Kurz zusammengefaßt: es ist eine Uhrzeit. Und weil Deutschland in der Tat in der Zeitzone GMT+1h liegt, wird aus 0 Uhr GMT eine deutsche Ortszeit von 1 Uhr.


----------



## cluening (7. Feb 2006)

Da kann ich Euch leider nicht ganz folgen ich frage doch bei beiden 
mit System.currentMillis ab. Bei beiden kommt ein long raus. 

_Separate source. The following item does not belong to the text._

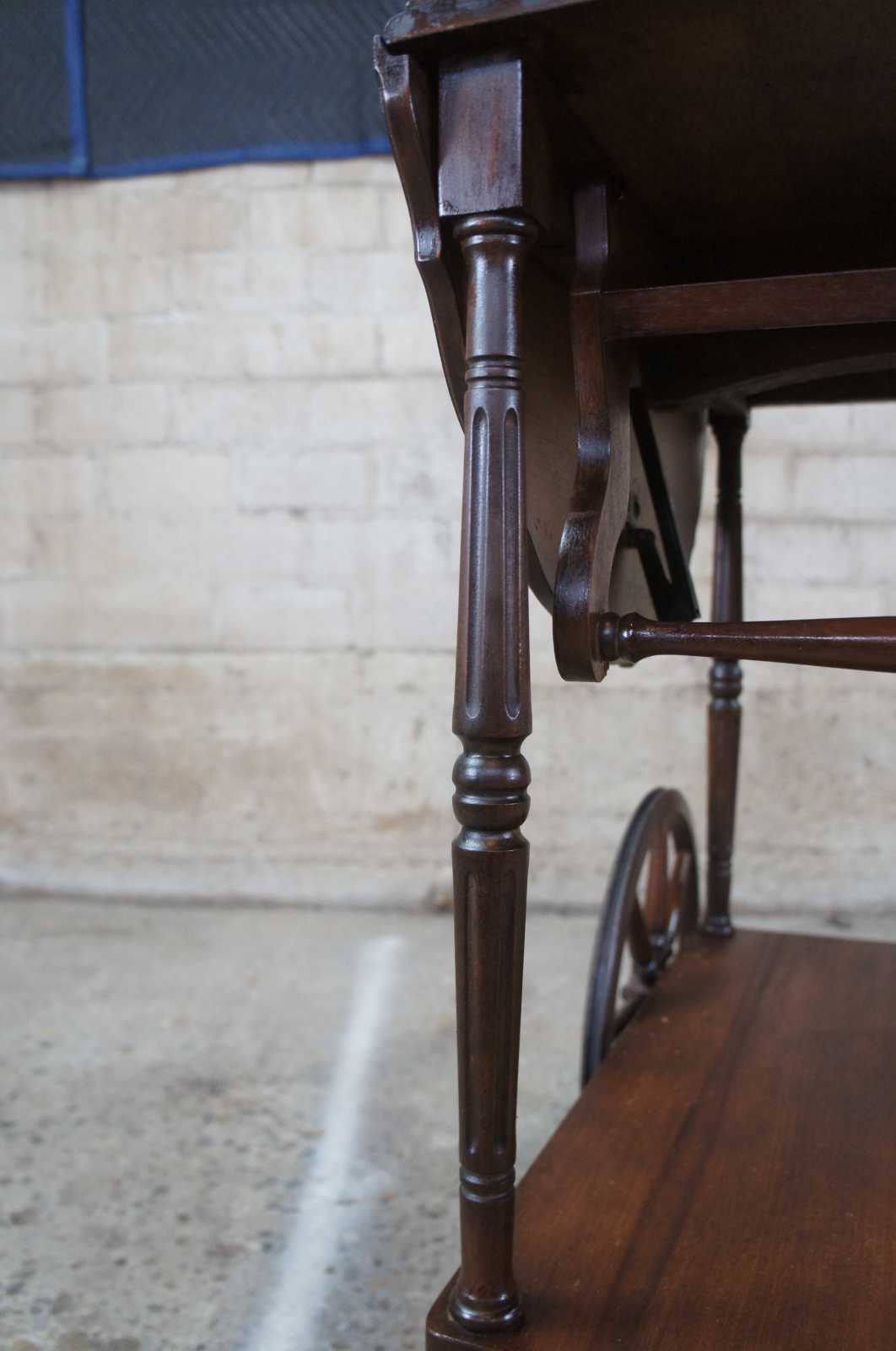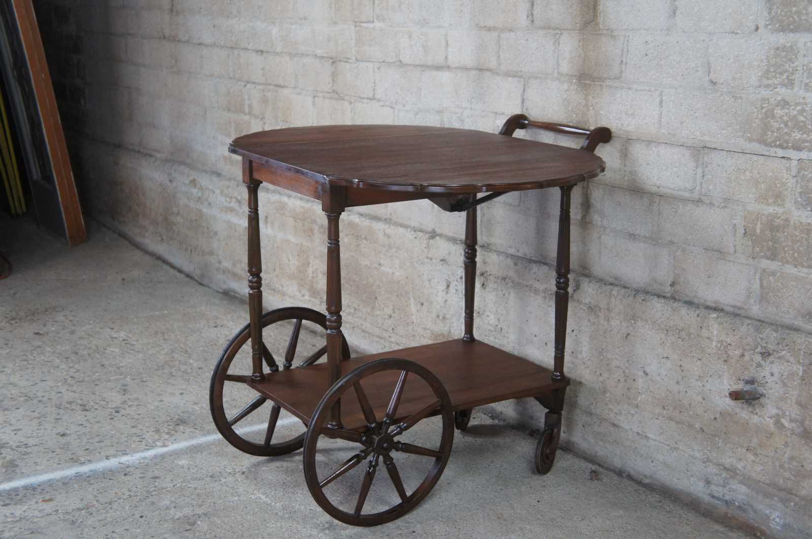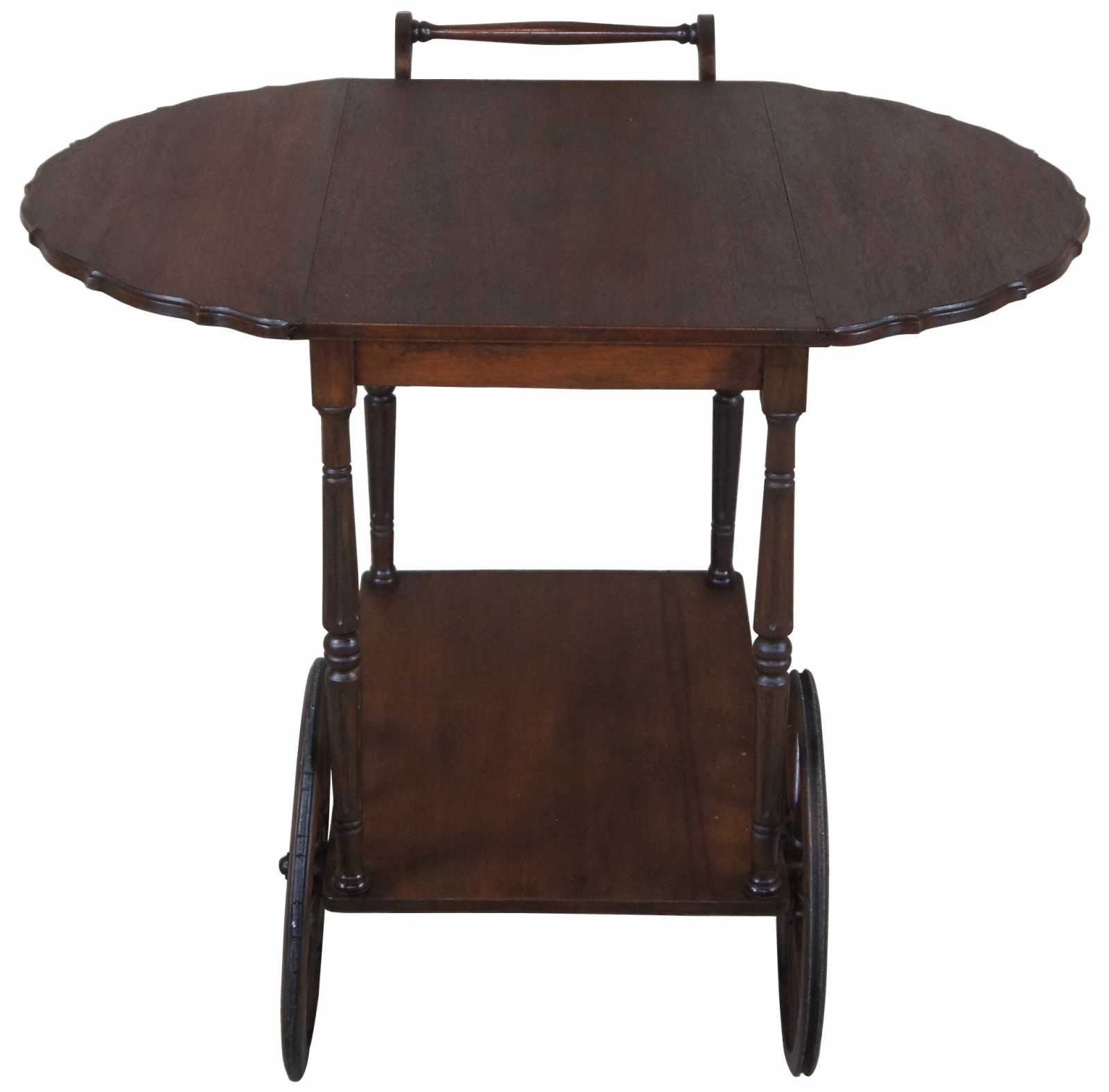 Circa 1970s Hammary tea wagon or cart #22229. Features French Louis XV / Provincial styling with scalloped top, drop leaves and large wheels and castors.

Java ist manchmal schon ganz schön komisch


----------



## 0xdeadbeef (7. Feb 2006)

Es liegt nicht an den Millis, sondern am DateFormat. Du sagst ihm quasi: "stelle mir diese 313ms als Uhrzeit dar" und nicht "stelle mir die 313ms als Stunden, Minuten, Sekunden und Millisekunden dar", was Du eigentlich willst.

Hat auch nichts mit Java zu tun, sondern daran, daß Du eine relative Zeitdifferenz in eine absolute Uhrzeit konvertierst.

Wobei ich mich ernsthaft frage, warum Du Stunden usw. nicht einfach selber ausrechnest


----------



## SlaterB (7. Feb 2006)

> Da kann ich Euch leider nicht ganz folgen ich frage doch bei beiden
> mit System.currentMillis ab. Bei beiden kommt ein long raus.

wie bei beiden? 
313 long sind 00:00:00:313 in GMT
und 01:00:00:313 in GMT +1, also deutscher Zeit,

die eine Stunde wegen deutscher Zeit, das ist das Problem, mehr nicht


----------



## cluening (8. Feb 2006)

Ok habs mittlerweile gerallt !

Danke
cluening  :wink:


----------